Rajivan Rajamohan’s Birkbeck journey was fraught with personal challenges that brought him to the brink of giving up on his MSc in Economics. However, through will, self-care and support from friends and staff, last week he graduated. Here is his #BBKgrad story.

Rajivan Rajamohan

Rajivan Rajamohan

After completing a BA in Accounting and Finance from the University of Essex, Rajivan set about making his ambition to become an economist happen. The first step on his way to achieving his dream was completing a Graduate Diploma in Economics (GDE) to get him onto an MSc in his chosen area of study.

In 2016, Rajivan left his Wealth Management role at a bank in the City to begin his MSc at Birkbeck. Like many Birkbeck students, Rajivan felt the physical and mental demands of working full-time in a professionally demanding role while studying a subject that he didn’t have much previous experience in, “I had to work harder to fill the missing gaps in my knowledge, considerably more and quicker than most of my peers as my MSc was funded by myself with my full-time role as a Waiter for Nando’s”, he says. But that didn’t stop him diving headfirst into other commitments, taking the time to volunteer at Great Ormond Street Hospital and for Birkbeck’s Academic Panel on behalf of the Student Union, which earned him the ‘Birkbeck Colours and Honours Award’ in 2018.

It was during his GDE that Rajivan realised that the stress of exams was affecting him more than other students, with a fellow student urging him to seek help. Eventually Rajivan was diagnosed with the mental health condition Post Traumatic Stress Disorder (PTSD), which he discovered was triggered by exams. He explained, “While undertaking my GCSE exams at the age of 16, I went through unexpected and substantial trauma during the year of my final GCSE exams, which was not correctly diagnosed as PTSD for eight years. Due to the extremely delayed diagnosis, my PTSD was untreated and served to exacerbate the original trauma and exam-related anxiety.” Rajivan was able to begin treatment for his PTSD in the summer of 2016.

Being at Birkbeck meant that Rajivan could access disability support to help him with managing his rigorous and technically challenging exams for the first time in his academic studies, as well as receiving support from fellow students and lecturers who urged him to keep going with his degree, despite the challenges he faced.
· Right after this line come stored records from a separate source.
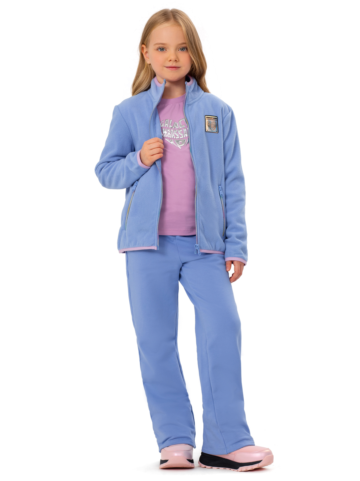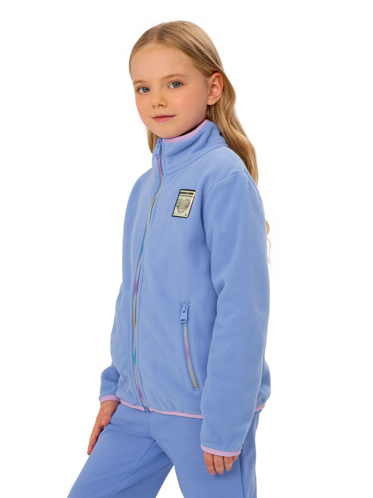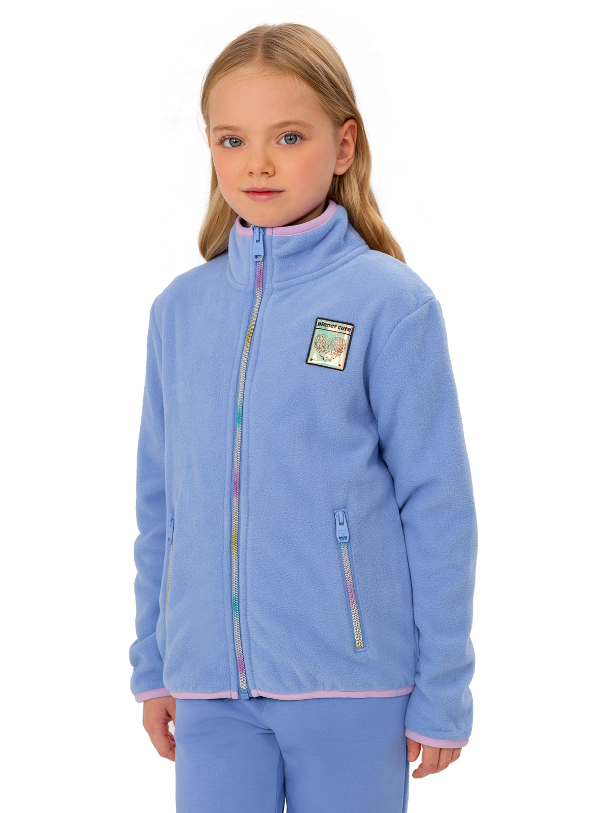 Толстовка изготовлена из мягкой микрофлисовой ткани, плотностью 230 гр/м2. Теплая и легкая, не сковывает движения, флисовая толстовка идеально подойдет, как для прогулок, активного отдыха, так и при повседневной носке. Одежда из флиса отлично сохраняет тепло, почти не впитывает влагу, обладает хорошей воздухопроницаемостью, не вызывает аллергии и весьма приятна на ощупь. Воротник стойка полностью закрывает горло, предотвращает от попадания холодного ветра. Модель дополнена контрастной отстрочкой по рукавам, низу и горловине, переливающимися молниями и трендовым патчем.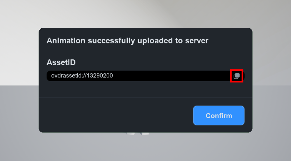 서버에 애니메이션 등록이 완료되면 **Asset Id**가 생성됩니다. 이미지에서 표시한 버튼을 눌러 **Asset Id를 복사**하세요.
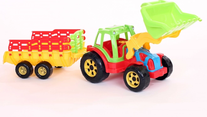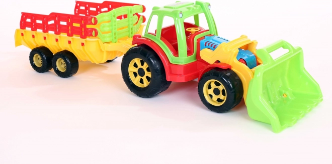 Acest tractor cu remorcă și încărcător este o necesitate pentru orice mic fermier. Setul este fabricat din materiale originale și coloranți care nu conțin compuși din metale grele, astfel îndeplinește toate condițiile de siguranță.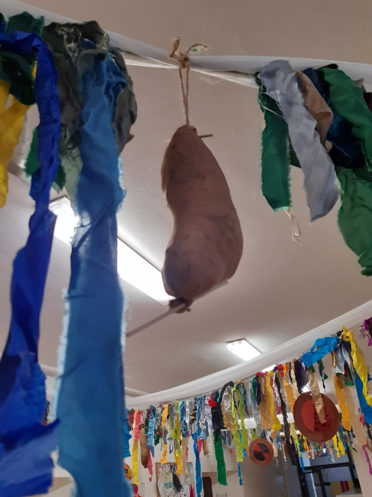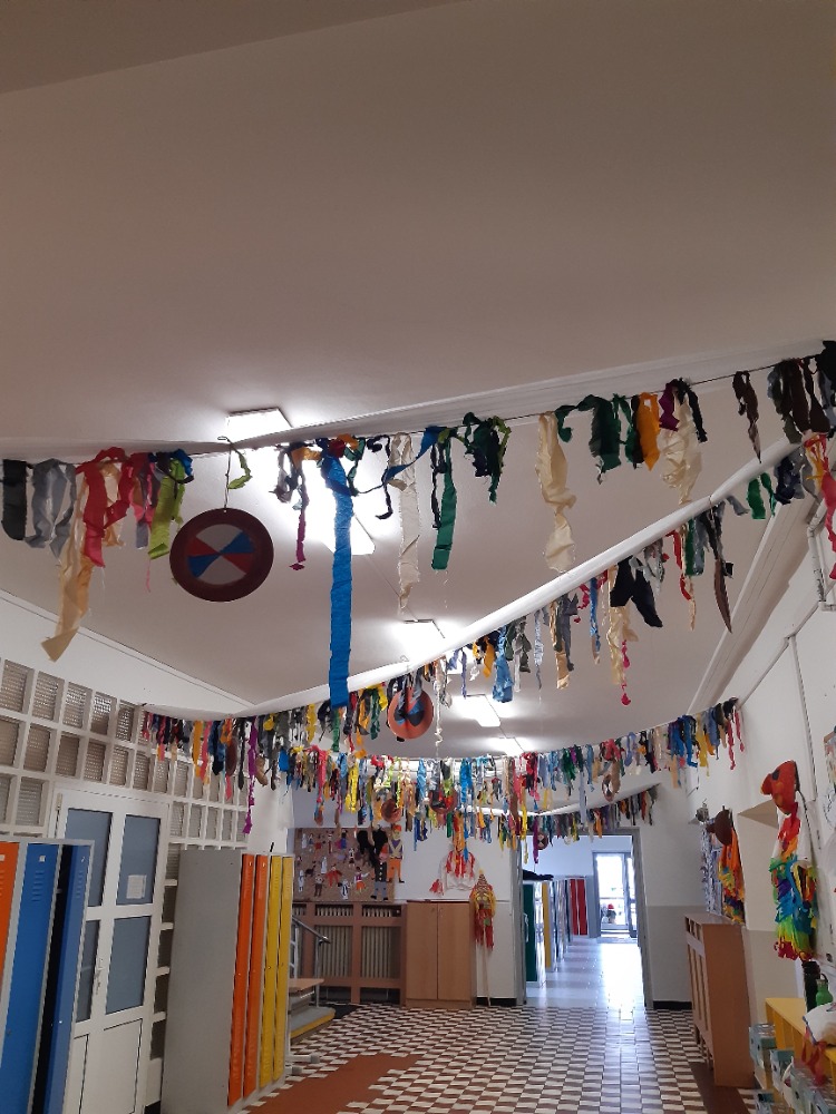V rámci projektu Recyklovaný masopust žáci využili staré látky, trička a silonové punčocháče k výrobě masopustní výzdoby. Z recyklovaného textilu vytvořili dekorace, které pak instalovali na chodbě školy. Aktivita podpořila tvořivost žáků a vedla k praktickému uplatnění principů udržitelnosti.

Unfortunately, Rajivan suffered a further setback when he lost his creditworthiness due to a mistake made by a bank, meaning he could no longer work in that field, a huge blow as he had previously held roles in the financial sector. He said, “I am currently still seeking legal representation to take further legal advice and actions to rectify this error.”
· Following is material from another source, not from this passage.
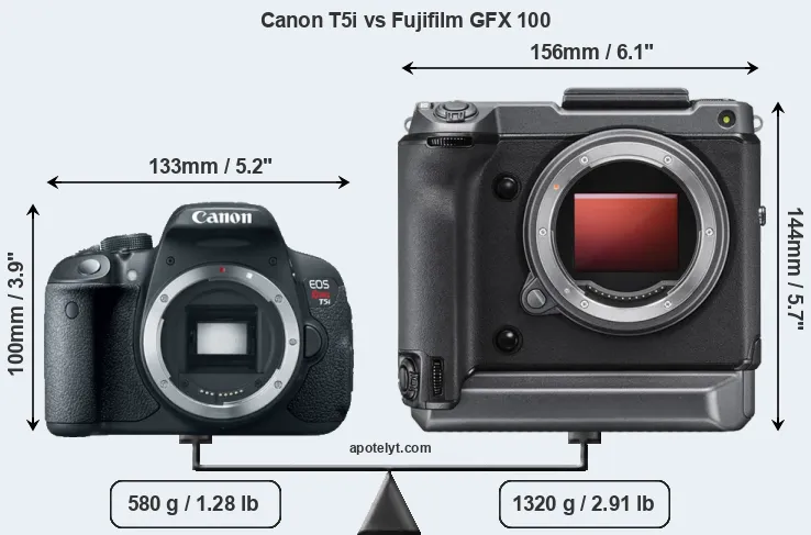 If the front view area (width x height) of the cameras is taken as an aggregate measure of their size, the Fujifilm GFX 100 is considerably larger (69 percent) than the Canon T5i. Moreover, the GFX 100 is substantially heavier (128 percent) than the T5i. It is noteworthy in this context that the GFX 100 is splash and dust-proof, while the T5i does not feature any corresponding weather-sealing.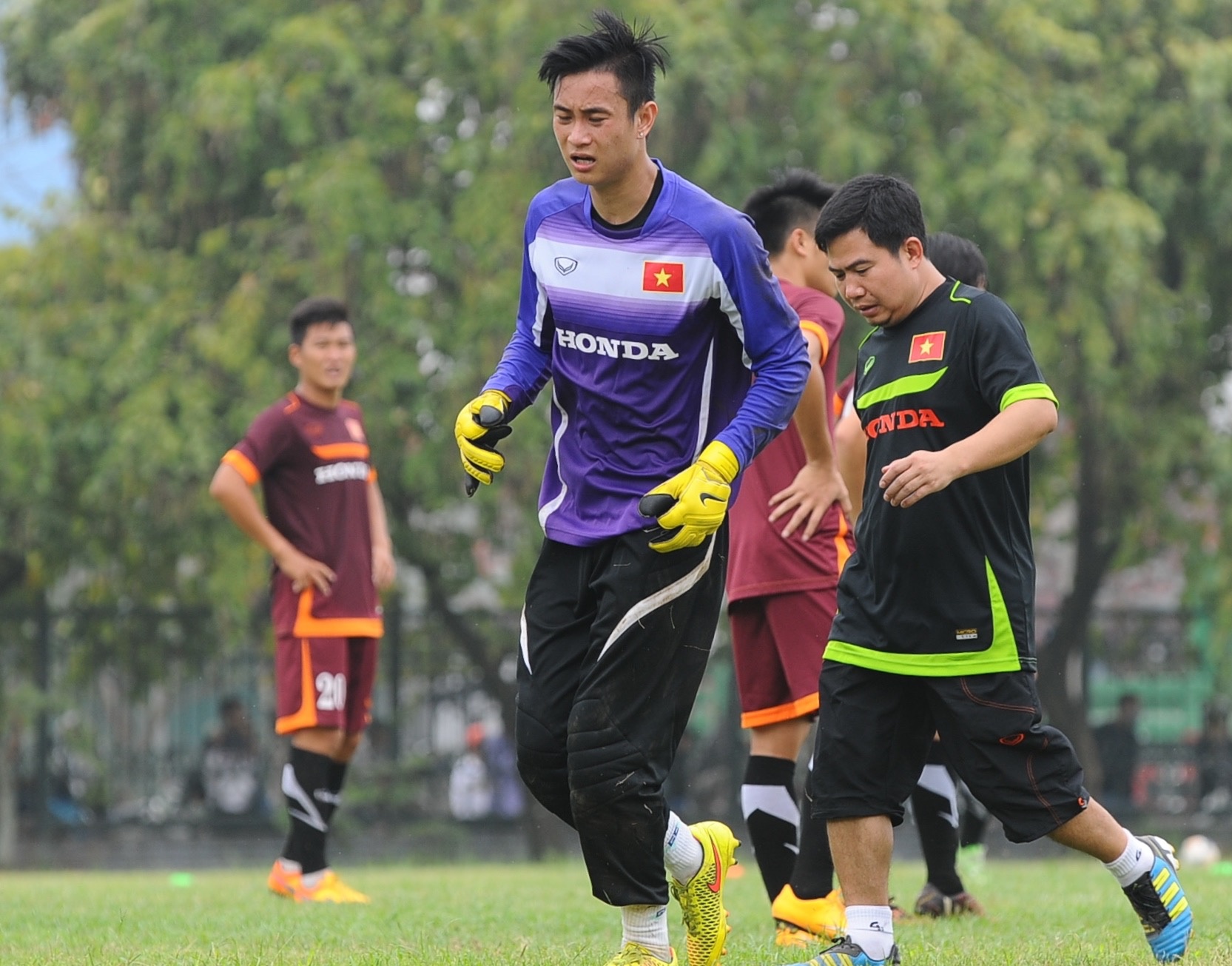 | Thủ môn Hoài Anh là người thứ tư gặp phải chấn thương trong buổi sáng nay của ĐT Olympic Việt Nam. Trong một pha băng ra cản phá bóng, cổ chân phải của Hoài Anh bị đau khiến anh phải kết thúc sớm buổi tập. |

Yet, now having completed his MSc, after three years, Rajivan can proudly declare that he has done it! “The support, kindness and compassion of my therapist, my Econometrics lecturer and a few of my friends from my undergraduate and postgraduate cohort helped me to stay focused and not to drop out of my degree.”

When asked what advice he would give to someone thinking of studying at Birkbeck, Rajivan urges you to, “Go for it and follow your dreams”. He believes the College’s flexibility is a saving grace, and the character of the students is fascinating: “it is only at Birkbeck where you meet incredible people with extraordinary stories and a whole community of individuals who have dedicated work ethics and a burning desire to reach their ambition.”

Rajivan’s concluding message would be to be kind and compassionate, to yourself and to others, because it’s not always clear what challenges people are facing, even if they project that they are coping well. He urges anyone taking up the challenge to “look after themselves with running, meditation and yoga because things could go unexpectedly wrong and when they do, always work with it and not against it. Be ready to look after your Mind, Body and Soul.”

Although his journey had its ups and downs, Rajivan recalled a quote that kept him going; “Nobody can go back and start a new beginning, but anyone can start today and make a new ending.”-Maria Robinson.